── GIVEN DATA ──

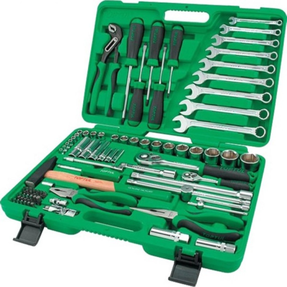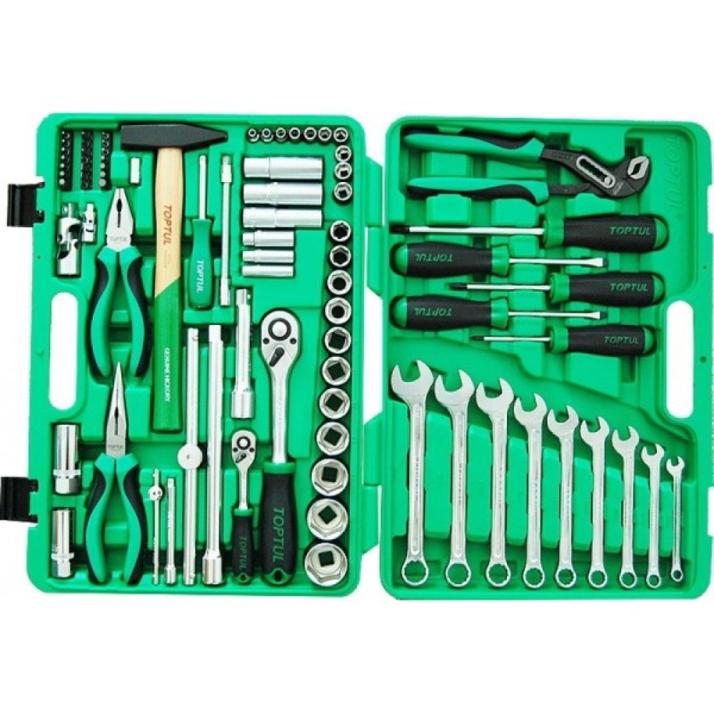 Набір інструментів Toptul постачається у зручній та міцній валізі, що робить його транспортування і зберігання максимально зручним. Високоякісне виконання кожного елемента гарантує його тривале використання, а різноманітність включених інструментів дозволяє вирішувати навіть найскладніші задачі. Цей набір — ідеальний вибір для тих, хто цінує професійність і надійність!
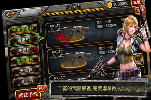 -三种剧情、五类武器、八大关卡,流畅的操作、丰富的武器系统、智能敌人调节系统、以及玩家可升级属性系统-全面的武器系统: 囊括了从手枪,冲锋枪到狙击枪的整一套枪械系统,让你体验玩转各种枪械的快感
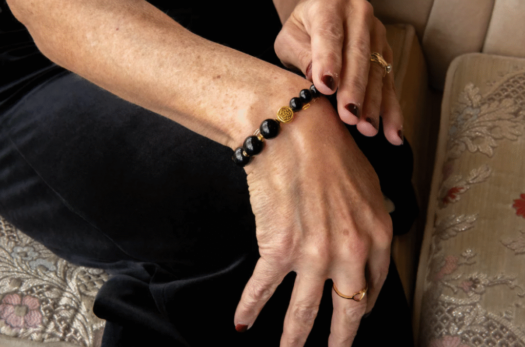 Made by a mother and daughter team, these handcrafted jewellery pieces bring elegance and joy straight from the Okanagan. With easy wear stretch design, beautiful black onyx, and a few gold touch accents, this is an easy piece to style with any outfit!
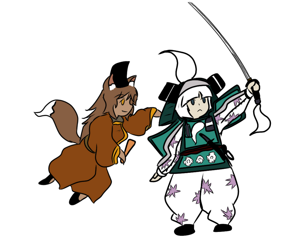 The kitsune says, turning to the girl at her side, her cheeks cherry-red as Youmu asks her to explain.
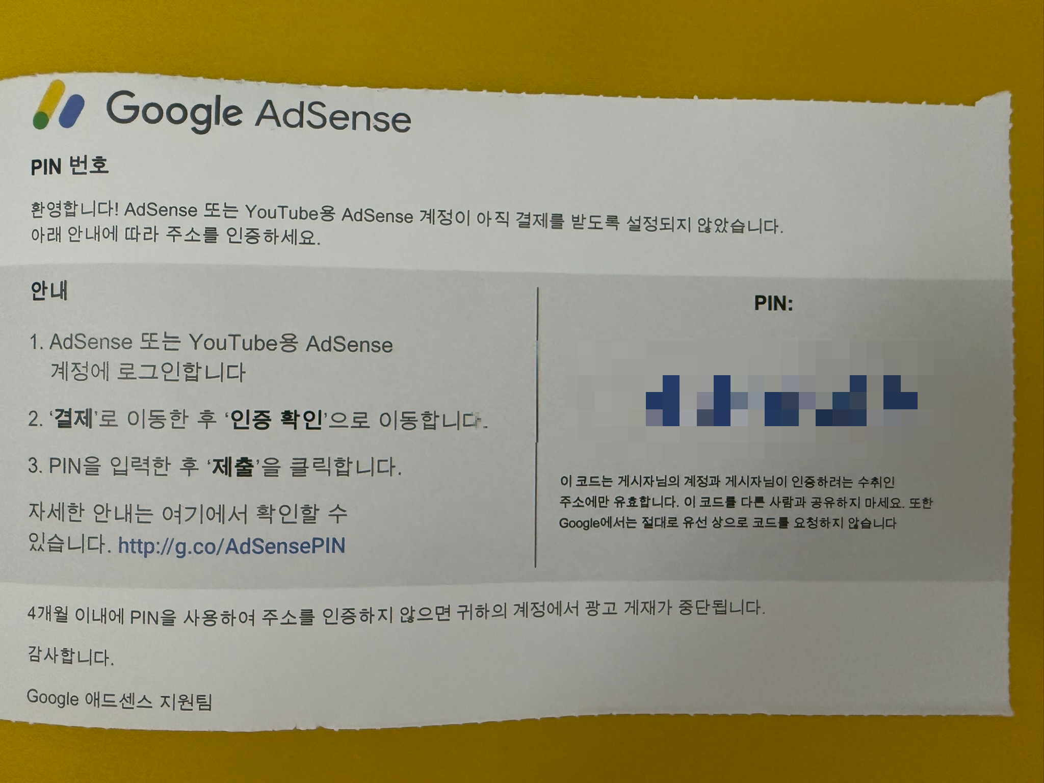 구글 애드센스 PIN 다시 보내기
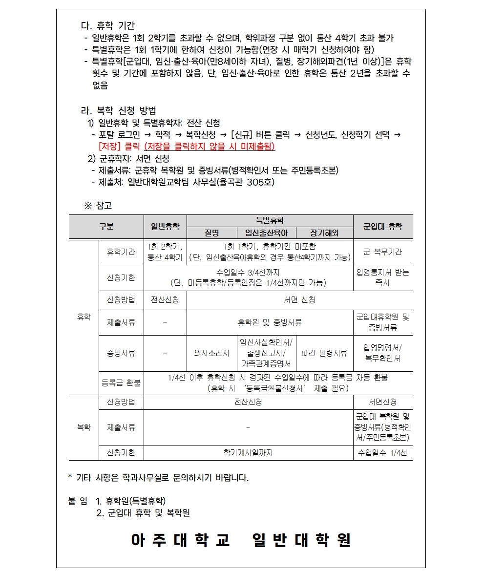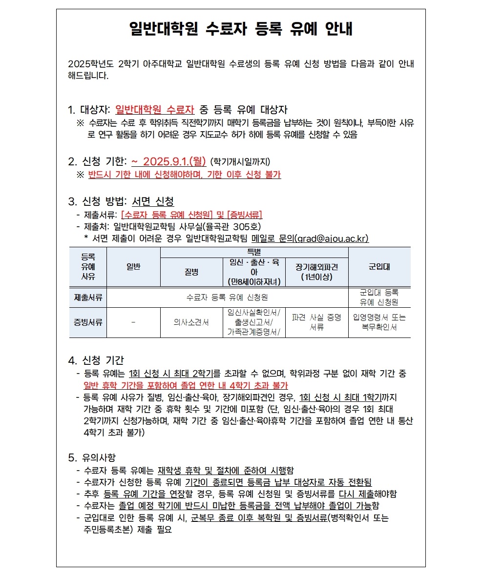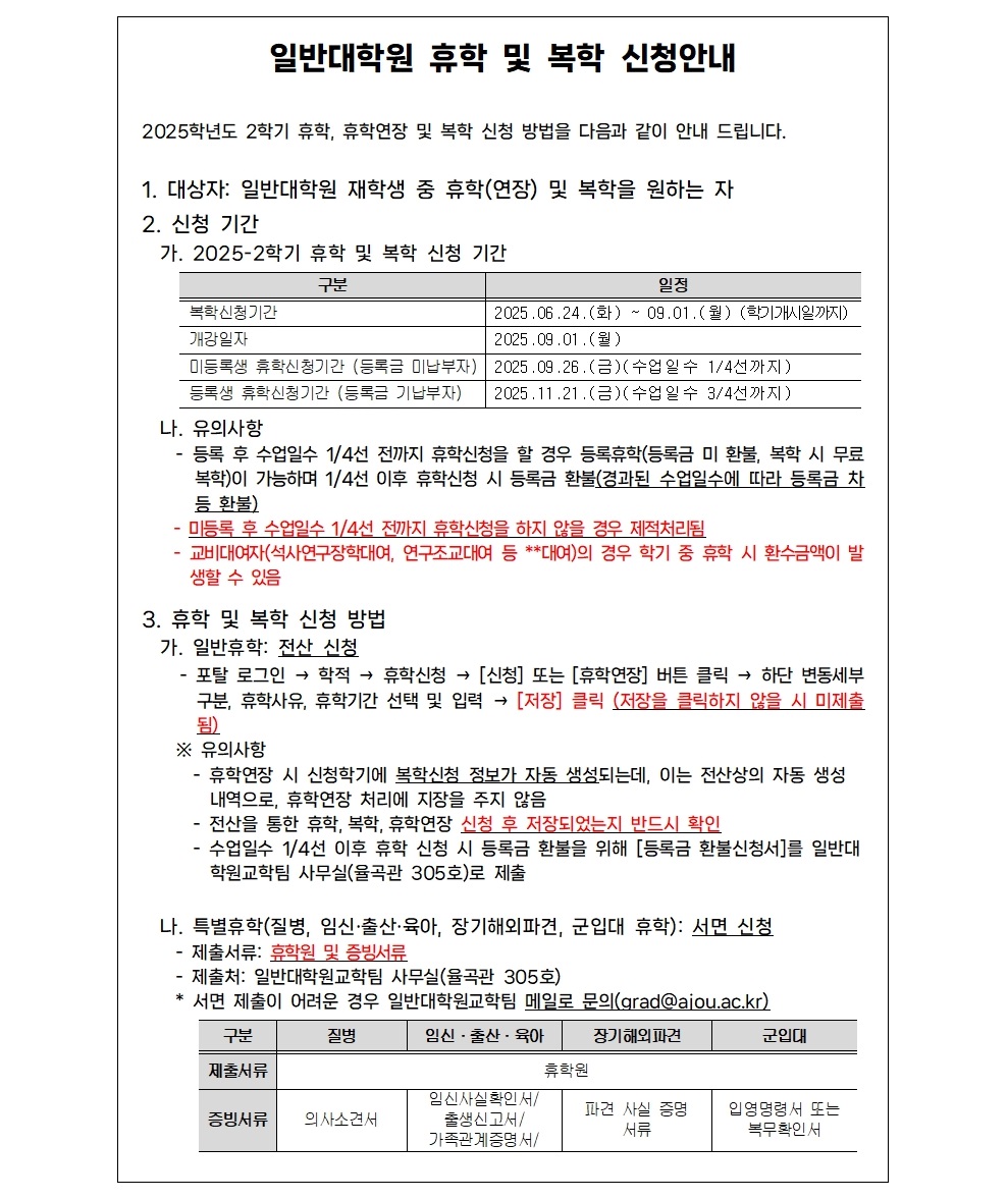 [학사] 2025-2학기 휴학, 복학 및 수료자 등록 유예 신청 안내

───

* **YOUR GOAL**:
Every entry above should be printed again exactly, except for the pictures.

* **ANSWER TO THIS TASK**:
 Набір інструментів Toptul постачається у зручній та міцній валізі, що робить його транспортування і зберігання максимально зручним. Високоякісне виконання кожного елемента гарантує його тривале використання, а різноманітність включених інструментів дозволяє вирішувати навіть найскладніші задачі. Цей набір — ідеальний вибір для тих, хто цінує професійність і надійність!
 -三种剧情、五类武器、八大关卡,流畅的操作、丰富的武器系统、智能敌人调节系统、以及玩家可升级属性系统-全面的武器系统: 囊括了从手枪,冲锋枪到狙击枪的整一套枪械系统,让你体验玩转各种枪械的快感
 Made by a mother and daughter team, these handcrafted jewellery pieces bring elegance and joy straight from the Okanagan. With easy wear stretch design, beautiful black onyx, and a few gold touch accents, this is an easy piece to style with any outfit!
 The kitsune says, turning to the girl at her side, her cheeks cherry-red as Youmu asks her to explain.
 구글 애드센스 PIN 다시 보내기
 [학사] 2025-2학기 휴학, 복학 및 수료자 등록 유예 신청 안내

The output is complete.